_RECORDS FOR PROCESSING:_
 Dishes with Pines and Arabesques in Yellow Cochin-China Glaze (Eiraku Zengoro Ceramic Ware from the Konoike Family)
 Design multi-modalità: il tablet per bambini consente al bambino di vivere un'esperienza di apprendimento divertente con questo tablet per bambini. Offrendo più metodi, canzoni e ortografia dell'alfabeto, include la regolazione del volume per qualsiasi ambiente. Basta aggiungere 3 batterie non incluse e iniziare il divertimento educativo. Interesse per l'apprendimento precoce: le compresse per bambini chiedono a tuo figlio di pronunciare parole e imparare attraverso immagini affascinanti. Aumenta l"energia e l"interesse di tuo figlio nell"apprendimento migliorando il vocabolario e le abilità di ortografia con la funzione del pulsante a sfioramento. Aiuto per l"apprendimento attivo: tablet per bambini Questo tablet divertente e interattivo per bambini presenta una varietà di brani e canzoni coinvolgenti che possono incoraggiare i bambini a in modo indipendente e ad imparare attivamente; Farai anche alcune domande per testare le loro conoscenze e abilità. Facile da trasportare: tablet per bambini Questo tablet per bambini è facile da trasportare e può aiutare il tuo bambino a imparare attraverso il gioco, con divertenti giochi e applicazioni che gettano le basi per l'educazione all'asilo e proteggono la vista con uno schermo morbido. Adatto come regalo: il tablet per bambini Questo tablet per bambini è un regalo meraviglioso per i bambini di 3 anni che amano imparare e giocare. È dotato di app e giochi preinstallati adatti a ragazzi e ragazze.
==
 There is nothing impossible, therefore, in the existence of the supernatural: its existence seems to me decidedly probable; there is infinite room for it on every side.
* * *
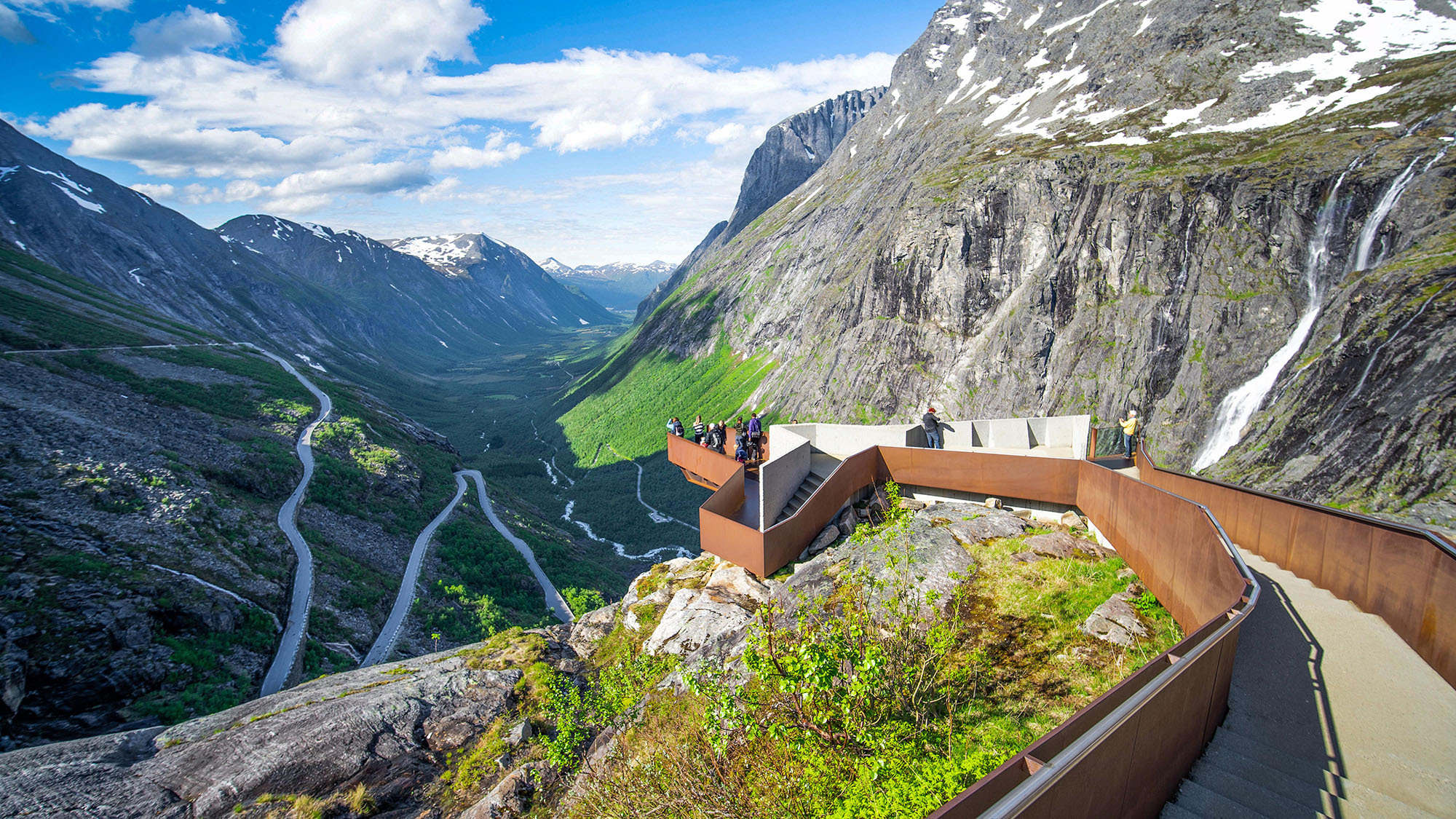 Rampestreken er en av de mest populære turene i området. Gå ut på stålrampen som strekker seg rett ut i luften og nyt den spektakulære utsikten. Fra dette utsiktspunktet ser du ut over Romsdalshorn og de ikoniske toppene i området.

_THE TASK:_
Retype, in the same exact form, the lines of the material above from the line holding "Dishes with Pines" through the line holding "Design multi-modalità: il".

_RESULT BELOW:_
 Dishes with Pines and Arabesques in Yellow Cochin-China Glaze (Eiraku Zengoro Ceramic Ware from the Konoike Family)
 Design multi-modalità: il tablet per bambini consente al bambino di vivere un'esperienza di apprendimento divertente con questo tablet per bambini. Offrendo più metodi, canzoni e ortografia dell'alfabeto, include la regolazione del volume per qualsiasi ambiente. Basta aggiungere 3 batterie non incluse e iniziare il divertimento educativo. Interesse per l'apprendimento precoce: le compresse per bambini chiedono a tuo figlio di pronunciare parole e imparare attraverso immagini affascinanti. Aumenta l"energia e l"interesse di tuo figlio nell"apprendimento migliorando il vocabolario e le abilità di ortografia con la funzione del pulsante a sfioramento. Aiuto per l"apprendimento attivo: tablet per bambini Questo tablet divertente e interattivo per bambini presenta una varietà di brani e canzoni coinvolgenti che possono incoraggiare i bambini a in modo indipendente e ad imparare attivamente; Farai anche alcune domande per testare le loro conoscenze e abilità. Facile da trasportare: tablet per bambini Questo tablet per bambini è facile da trasportare e può aiutare il tuo bambino a imparare attraverso il gioco, con divertenti giochi e applicazioni che gettano le basi per l'educazione all'asilo e proteggono la vista con uno schermo morbido. Adatto come regalo: il tablet per bambini Questo tablet per bambini è un regalo meraviglioso per i bambini di 3 anni che amano imparare e giocare. È dotato di app e giochi preinstallati adatti a ragazzi e ragazze.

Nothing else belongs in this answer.